[EXERCISE INPUTS]
%%

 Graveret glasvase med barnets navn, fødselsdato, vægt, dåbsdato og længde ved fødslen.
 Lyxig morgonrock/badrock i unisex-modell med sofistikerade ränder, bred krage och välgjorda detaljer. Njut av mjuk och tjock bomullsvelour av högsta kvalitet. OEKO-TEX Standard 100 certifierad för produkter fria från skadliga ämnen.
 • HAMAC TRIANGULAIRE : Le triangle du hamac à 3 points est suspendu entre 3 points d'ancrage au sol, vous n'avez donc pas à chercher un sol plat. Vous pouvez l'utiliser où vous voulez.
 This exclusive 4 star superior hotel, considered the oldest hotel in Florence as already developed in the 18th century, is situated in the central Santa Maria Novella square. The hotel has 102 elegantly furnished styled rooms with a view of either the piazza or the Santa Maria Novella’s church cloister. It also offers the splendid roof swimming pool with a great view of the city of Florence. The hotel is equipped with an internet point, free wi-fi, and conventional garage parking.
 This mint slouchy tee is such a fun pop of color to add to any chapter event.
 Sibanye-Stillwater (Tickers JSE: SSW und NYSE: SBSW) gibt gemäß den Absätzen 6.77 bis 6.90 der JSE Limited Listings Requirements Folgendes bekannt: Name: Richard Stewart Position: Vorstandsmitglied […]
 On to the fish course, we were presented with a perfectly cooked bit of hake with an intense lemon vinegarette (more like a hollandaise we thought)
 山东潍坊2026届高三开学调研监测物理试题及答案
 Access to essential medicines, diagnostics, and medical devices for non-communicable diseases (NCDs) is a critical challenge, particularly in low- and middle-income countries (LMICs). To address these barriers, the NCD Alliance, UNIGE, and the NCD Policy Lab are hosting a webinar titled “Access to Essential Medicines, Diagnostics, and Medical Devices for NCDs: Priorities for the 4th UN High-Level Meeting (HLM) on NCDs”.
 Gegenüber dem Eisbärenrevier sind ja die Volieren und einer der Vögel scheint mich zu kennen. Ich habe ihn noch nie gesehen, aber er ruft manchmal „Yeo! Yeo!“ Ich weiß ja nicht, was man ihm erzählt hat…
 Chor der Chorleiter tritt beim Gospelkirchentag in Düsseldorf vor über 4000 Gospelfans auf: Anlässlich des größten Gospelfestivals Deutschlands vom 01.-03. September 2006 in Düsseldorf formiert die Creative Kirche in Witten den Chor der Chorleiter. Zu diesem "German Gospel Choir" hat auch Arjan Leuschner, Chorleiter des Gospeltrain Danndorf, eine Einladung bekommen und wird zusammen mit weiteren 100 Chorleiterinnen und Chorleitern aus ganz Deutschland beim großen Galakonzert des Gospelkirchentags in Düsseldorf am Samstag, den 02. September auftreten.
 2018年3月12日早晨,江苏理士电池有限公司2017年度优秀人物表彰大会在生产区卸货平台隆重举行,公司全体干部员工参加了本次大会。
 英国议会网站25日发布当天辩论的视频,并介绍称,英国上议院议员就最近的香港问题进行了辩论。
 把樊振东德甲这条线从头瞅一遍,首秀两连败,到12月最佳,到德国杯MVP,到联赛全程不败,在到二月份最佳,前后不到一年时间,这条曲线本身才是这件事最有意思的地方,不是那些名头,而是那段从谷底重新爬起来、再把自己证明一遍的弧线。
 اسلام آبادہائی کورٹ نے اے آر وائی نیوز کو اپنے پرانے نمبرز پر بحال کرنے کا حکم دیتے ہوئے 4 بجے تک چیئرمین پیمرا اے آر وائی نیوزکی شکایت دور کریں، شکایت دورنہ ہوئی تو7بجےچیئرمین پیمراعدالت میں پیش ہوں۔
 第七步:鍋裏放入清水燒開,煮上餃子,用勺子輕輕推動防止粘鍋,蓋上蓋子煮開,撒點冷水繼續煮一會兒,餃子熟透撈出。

%%

[ABOUT THIS EXERCISE]
From the listing above, copy every line where the string "with" is found.

[RESULT FOR THIS EXERCISE]
 This exclusive 4 star superior hotel, considered the oldest hotel in Florence as already developed in the 18th century, is situated in the central Santa Maria Novella square. The hotel has 102 elegantly furnished styled rooms with a view of either the piazza or the Santa Maria Novella’s church cloister. It also offers the splendid roof swimming pool with a great view of the city of Florence. The hotel is equipped with an internet point, free wi-fi, and conventional garage parking.
 On to the fish course, we were presented with a perfectly cooked bit of hake with an intense lemon vinegarette (more like a hollandaise we thought)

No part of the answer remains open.